This compares to a loss attributable to common stockholders of $7.0 million, or $0.34 per share, for the quarter ended December 31, 2014.
For the year ended December 31, 2015, Immune reported a loss attributable to common stockholders of $24.1 million, or $0.90 per share, compared to a loss attributable to common stockholders of $24.4 million, or $1.46 per share, for the year ended December 31, 2014.
R&D expenses increased by $0.9 million during the quarter ended December 31, 2015 to $2.5 million compared with $1.6 million during the quarter ended December 31, 2014.
For the year ended December 31, 2015, R&D expenses increased by $0.3 million to $5.9 million compared with $5.6 million during the year ended December 31, 2014.
The increase in R&D expenses for the fourth quarter and full year of 2015 was mainly due to an increase in outsourced consulting services related to the Phase II clinical trials of bertilimumab. Additionally, R&D related staff increased, positioning Immune to fully execute on its R&D programs in 2016.

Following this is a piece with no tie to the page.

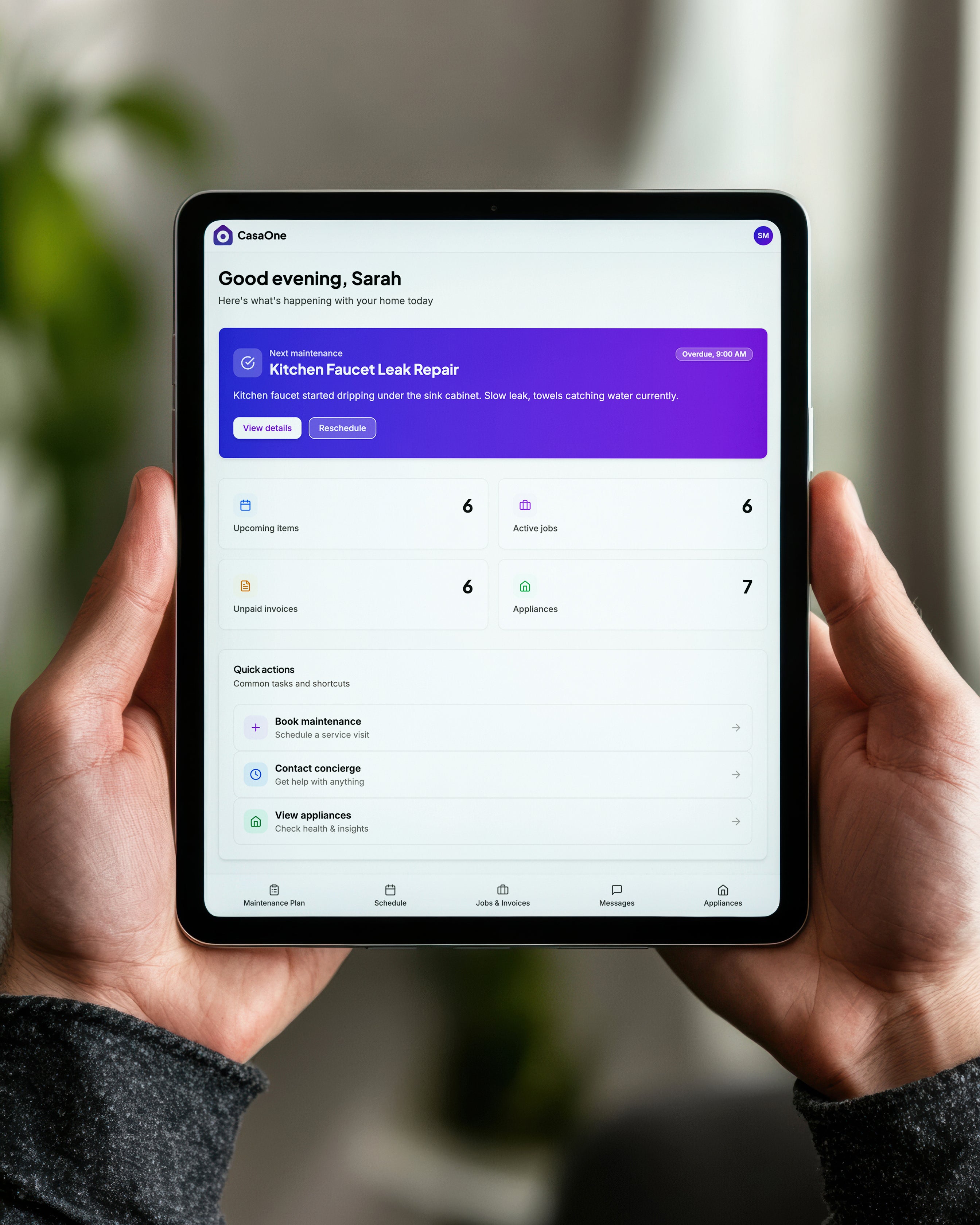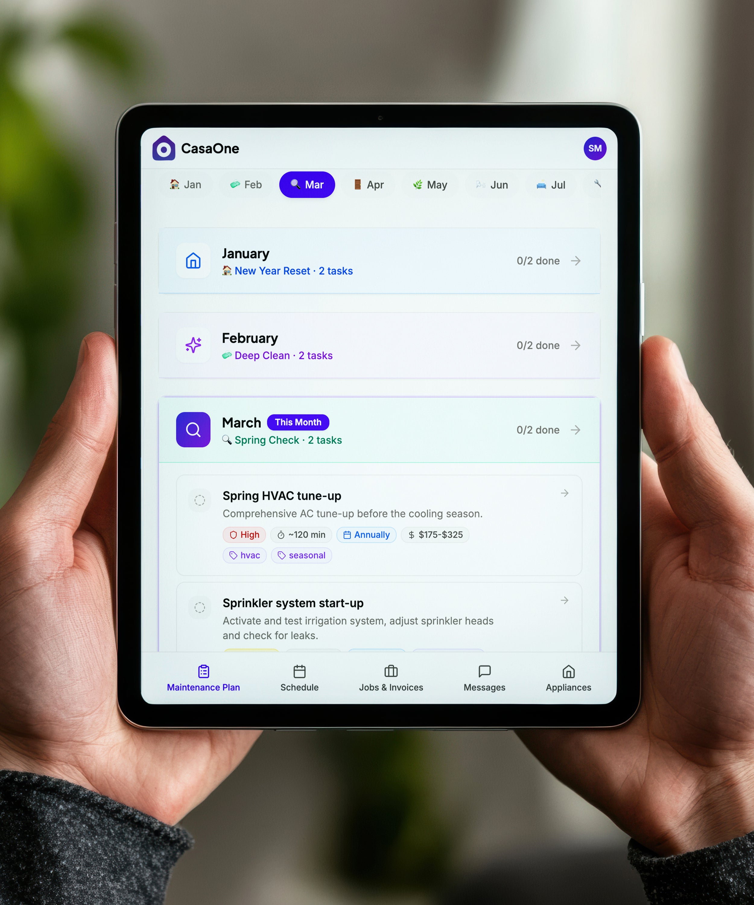 CasaOne helps homeowners book repairs, schedule maintenance, and work with trusted professionals without the hassle of coordinating it all themselves.

General and administrative expense increased by approximately $1.2 million during the quarter ended December 31, 2015 to $3.6 million, compared with $2.4 million during quarter ended December 31, 2014, due to higher payroll expense as a result of the move of the company's headquarters from Israel to New York during fiscal 2015 and the hiring of additional U.S. employees.
For the year ended December 31, 2015, general and administrative expense decreased by approximately $0.9 million, or 9%, to $9.8 million, compared with $10.7 million during year ended December 31, 2014.
The decrease was primarily due to a reduction in stock compensation expense of $2.6 million due to the vesting of shares issued to consultants in 2014, partially offset by increased payroll expense due to the moving of the company's headquarters from Israel to New York in fiscal 2015 and the hiring of additional U.S. based employees.
Non-operating expense decreased by $2.6 million to $0.4 million during quarter ended December 31, 2015 compared with non-operating expense of $3.0 million during quarter ended December 31, 2014.
For the year ended December 31, 2015, non-operating expense amounted to $1.4 million compared with non-operating expense of $7.2 million during year ended December 31, 2014, a decrease of $5.7 million.
Non-operating expense for the year ended December 31, 2015 consisted of interest expense of $0.8 million primarily relating to cash interest paid and amortization of the debt discount for the company's loan and security agreement with Hercules.
In addition, the company recognized a loss on the extinguishment of debt of $0.5 million due to early termination fees in conjunction with the repayment of the MidCap senior secured term loan during 2015.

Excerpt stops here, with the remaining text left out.